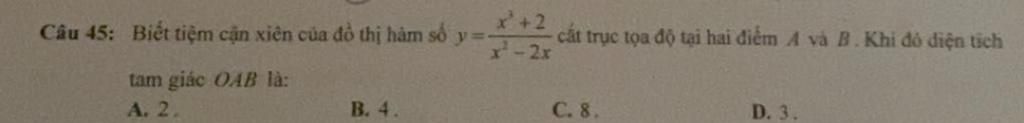 Ta có: `{:(a=lim_(x-> +oo) (f(x))/x=1),(b=lim_(x-> +oo) [f(x)-x]=2):}}`
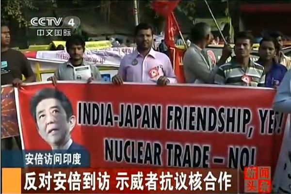 實際上,安倍的訪問并非受到所有日本民眾的歡迎,在其抵印之前,反對安倍到訪的活動就已經拉開了帷幕。24日,在印度孟買,示威者手舉橫幅進行了反對促成日印核能協定簽訂的抗議活動。(鄭青亭)
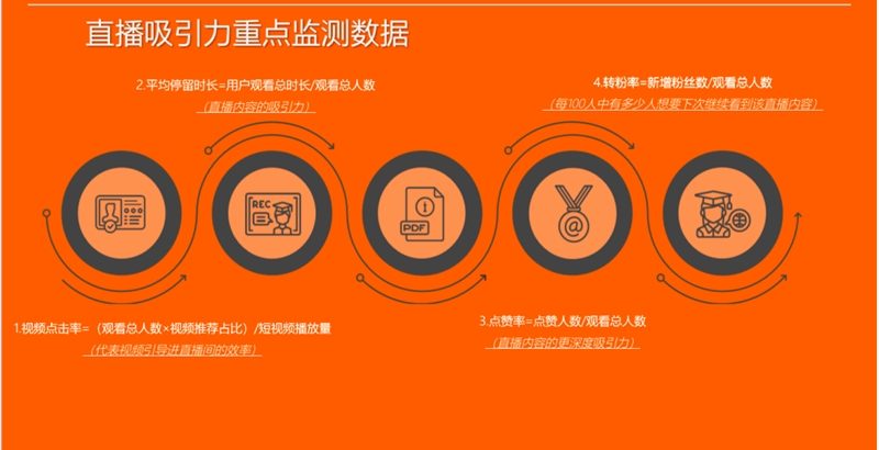 直播間的吸引力程度可以通過這些數(shù)據(jù)來看,視頻的點擊率說明視頻引導(dǎo)的效率。平均停留時長是用戶觀看總時長除以觀看總?cè)藬?shù)。停留時長越長說明你的直播間越有吸引力,通常平均停留時長:<1分鐘不及格,1-2分鐘及格,2-3分鐘良好,≥3分鐘優(yōu)秀。點贊率說明直播內(nèi)容有更深度的吸引力。轉(zhuǎn)粉率通常說明這些人愿意看你的下一次直播。
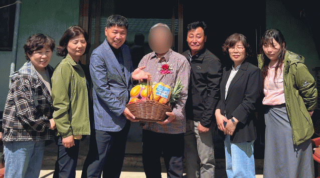 학교면 직원들은 이날 독거 어르신 댁을 방문해 카네이션과 과일바구니를 전달하고 안부를 살폈다.
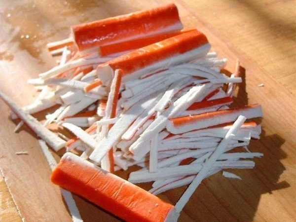 Крабовые палочки нарезаем соломкой и обжариваем на растительном масле.
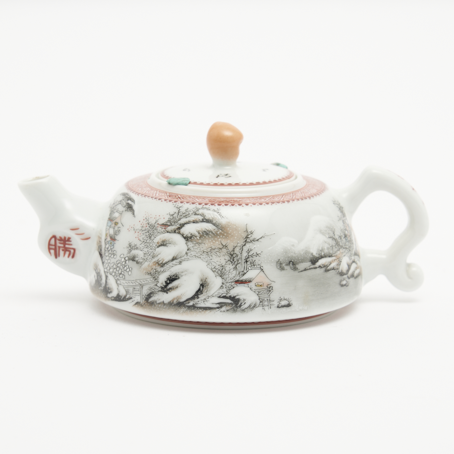 A CHINESE PORCELAIN TEAPOT PAINTED WITH A SNOW SCENE, MARK TO BASE W.16.5CM
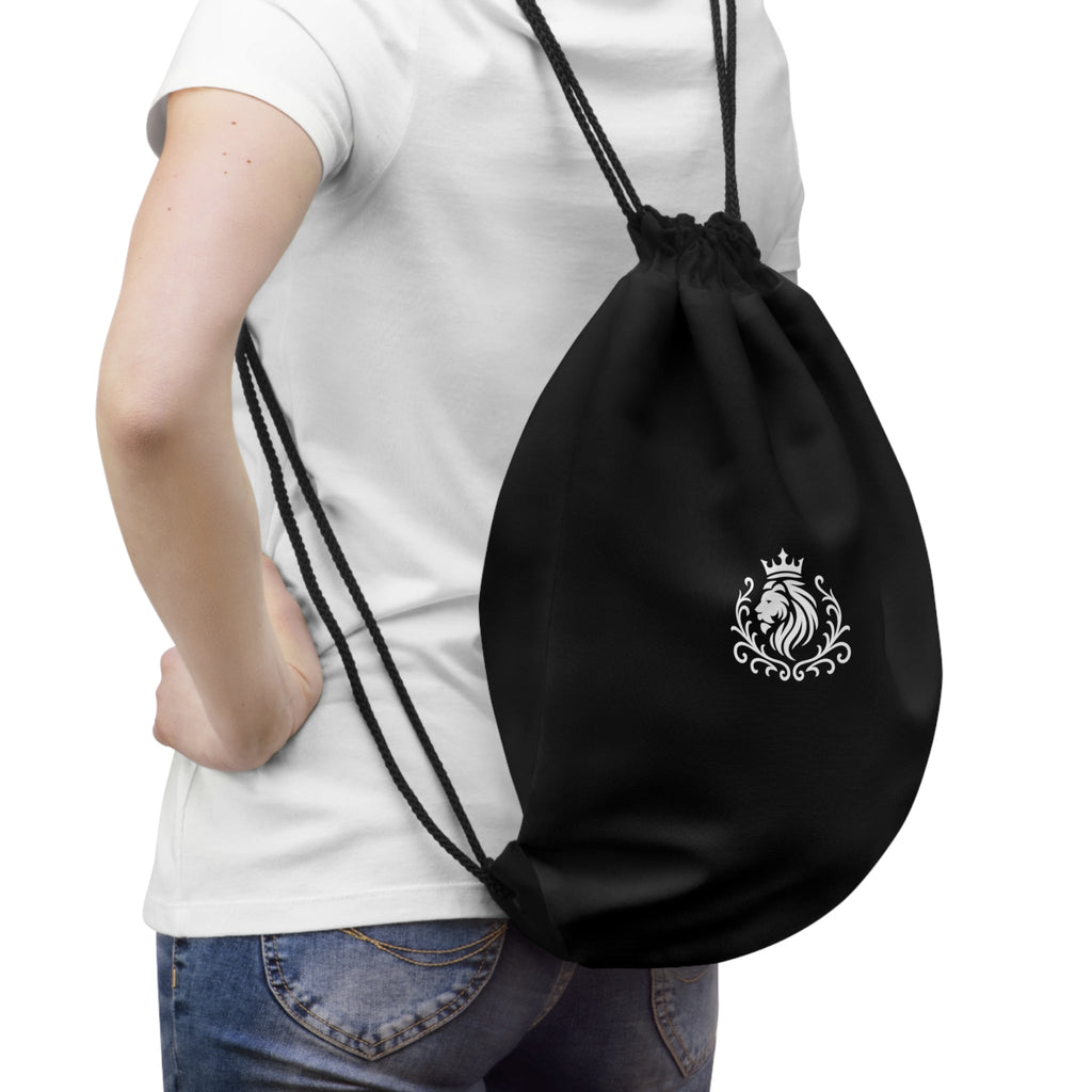 A sleek black drawstring bag with a small, regal crest at the center — understated, confident, and built to last. The lightweight polyester holds its shape and dries fast, so it moves easily from rainy commutes to sweaty gym sessions. Inside, a fully lined interior and a zippered pocket keep small essentials secure: keys, cards, or a phone tucked away while you’re on the go. Metal grommets and reinforced corners add durability where straps meet fabric, while the neutral black and compact crest let this bag blend with streetwear, travel gear, or minimalist everyday carry. Wear it over one shoulder between classes, stash it in a suitcase for weekend trips, or keep it by the door for quick errands — it’s made for people who value function without shouting for attention.
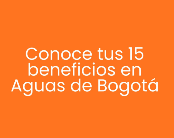 Conoce los 15 beneficios que tienes en Aguas de Bogotá En Aguas de Bogotá pensamos en ti y en tu bienestar. Por eso, desde tu primer día de vinculación cuentas...Leer más
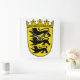 Les armoiries du Bade-Wurtemberg sont ornées d'un bouclier avec trois lions noirs sur un arrière - plan doré, représentant l'ancien duché de Swabia. Ce bouclier est surmonté d'une couronne stylisée symbolisant la souveraineté du peuple après l'abolition de la monarchie. Les armes de moindre importance sont utilisées par les autorités de l'Etat et les notaires fonctionnaires qui n'utilisent pas les grandes armoiries.

---+---

**EXERCISE REQUIREMENTS**
Write out the lines of the entries above exactly, beginning with the first and ending with the line that contains "Conoce los 15". No picture goes in.

**ANSWER SPACE**
 Ta có: `{:(a=lim_(x-> +oo) (f(x))/x=1),(b=lim_(x-> +oo) [f(x)-x]=2):}}`
 實際上,安倍的訪問并非受到所有日本民眾的歡迎,在其抵印之前,反對安倍到訪的活動就已經拉開了帷幕。24日,在印度孟買,示威者手舉橫幅進行了反對促成日印核能協定簽訂的抗議活動。(鄭青亭)
 直播間的吸引力程度可以通過這些數(shù)據(jù)來看,視頻的點擊率說明視頻引導(dǎo)的效率。平均停留時長是用戶觀看總時長除以觀看總?cè)藬?shù)。停留時長越長說明你的直播間越有吸引力,通常平均停留時長:<1分鐘不及格,1-2分鐘及格,2-3分鐘良好,≥3分鐘優(yōu)秀。點贊率說明直播內(nèi)容有更深度的吸引力。轉(zhuǎn)粉率通常說明這些人愿意看你的下一次直播。
 학교면 직원들은 이날 독거 어르신 댁을 방문해 카네이션과 과일바구니를 전달하고 안부를 살폈다.
 Крабовые палочки нарезаем соломкой и обжариваем на растительном масле.
 A CHINESE PORCELAIN TEAPOT PAINTED WITH A SNOW SCENE, MARK TO BASE W.16.5CM
 A sleek black drawstring bag with a small, regal crest at the center — understated, confident, and built to last. The lightweight polyester holds its shape and dries fast, so it moves easily from rainy commutes to sweaty gym sessions. Inside, a fully lined interior and a zippered pocket keep small essentials secure: keys, cards, or a phone tucked away while you’re on the go. Metal grommets and reinforced corners add durability where straps meet fabric, while the neutral black and compact crest let this bag blend with streetwear, travel gear, or minimalist everyday carry. Wear it over one shoulder between classes, stash it in a suitcase for weekend trips, or keep it by the door for quick errands — it’s made for people who value function without shouting for attention.
 Conoce los 15 beneficios que tienes en Aguas de Bogotá En Aguas de Bogotá pensamos en ti y en tu bienestar. Por eso, desde tu primer día de vinculación cuentas...Leer más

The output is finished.